Published January 13, 2015
Social Security's top analyst said Tuesday the nation faces budget challenges in less than four years if Congress does not change the program.
At the same time, President Bush warned members of his own party they would join Democrats in facing voters' wrath if they don't support his proposed overhaul.
Stephen Goss, the nonpartisan chief actuary of the Social Security Administration, said the nation faces a pinch in 2009 because excess payroll taxes flowing into the program will begin to decline, halting the growth of surplus money that Congress has been tapping to fund other government programs.
At that time, lawmakers will face the prospect of budget cuts or tax increases that will only grow more severe each year until 2017, when all the surplus revenues end and the program begins paying out more in benefits than it generates in payroll taxes. That shift would force Social Security (search) to begin cashing in the IOUs Congress has been giving the program since it started spending the excess tax revenue in the 1980s, further increasing the nation's financial challenges.
"While there is no question that these securities will be redeemed when needed, as is now the case with the Medicare Trust Fund, this redemption will require the federal government to increase taxes, lower expenditures or issue publicly held debt in amounts equal to the net redemptions by the trust funds," Goss told the House Ways and Means Committee's panel on Social Security.
Bush, who has had trouble selling his ideas not only to Democrats but also to moderate Republicans, urged his fellow members of the GOP to resist pressure from constituents and support him. He has proposed allowing workers under age 55 to establish investment accounts to partially fund their future benefits, as well as slowing the growth of the traditional benefit check for all but the poorest workers by changing the method in which that growth is calculated.

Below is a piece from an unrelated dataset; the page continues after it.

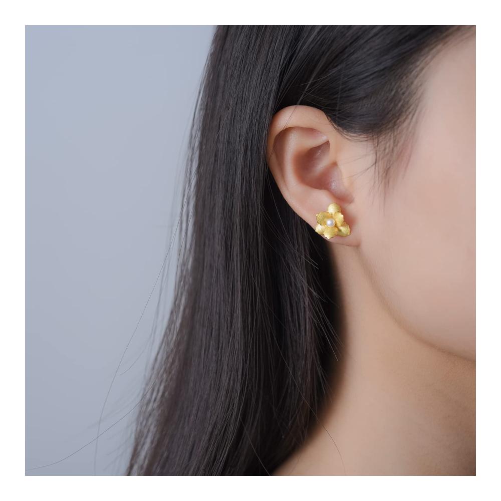 ♥ Einzigartiges Design ♥ „Kleine Begonien Blume mit Perle Ohrstecker“das Tragen dieser handgefertigten und einzigartigen S925 Silber Ohrstecker macht Frauen mit einem einzigartigen und edlen eleganten Temperament.

"I think more and more people recognize there's a problem and people are going to say, `Go do something about it,"' Bush told an audience in Greece, N.Y. "And those who obstruct reform -- no matter what party they're in -- will pay a political price, in my judgment."
The community is in the district of Rep. Tom Reynolds (search), R-N.Y., one of several House members from the state who have been under pressure from citizen and labor groups that oppose Bush's ideas.
During his 2004 congressional race, Reynolds attacked his challenger, Jack Davis, for saying that "some changes are going to have to be made" in Social Security. Reynolds, a Bush supporter and Republican fundraiser, now says he respects the president's willingness to take on the issue, but has refrained from coming out directly in favor of Bush's ideas.
The Ways and Means hearing, one of two this week, featured diametrically opposed views of the urgency of Social Security's problems. The Senate Finance Committee is scheduled to discuss the topic Wednesday.
Rep. Richard Neal, D-Mass., accused the Bush administration of hyping the problem even as Goss and the Social Security Administration have projected the program can use the IOUs to continue paying currently scheduled benefits until 2041.
"Back in Boston, people are saying, 'Can you imagine Paul Revere traveling through the streets of Boston announcing, `The British are coming -- in 40 years,"' Neal said.
Rep. Earl Pomeroy, D-N.D., challenged the accuracy of the actuary's long-term projections, saying, "It's kind of like the weather: Weather forecasting for the next hours, pretty good; tomorrow, a bit dicey; and next week, fairly iffy."
Yet a Republican member of the panel, Rep. Kenny Hulshof of Missouri, suggested Neal alter his patriotic metaphor because "the red ink is coming, the red ink is coming."
Neal shot back, "Would you say, 'The red ink is coming -- in 42 years'?"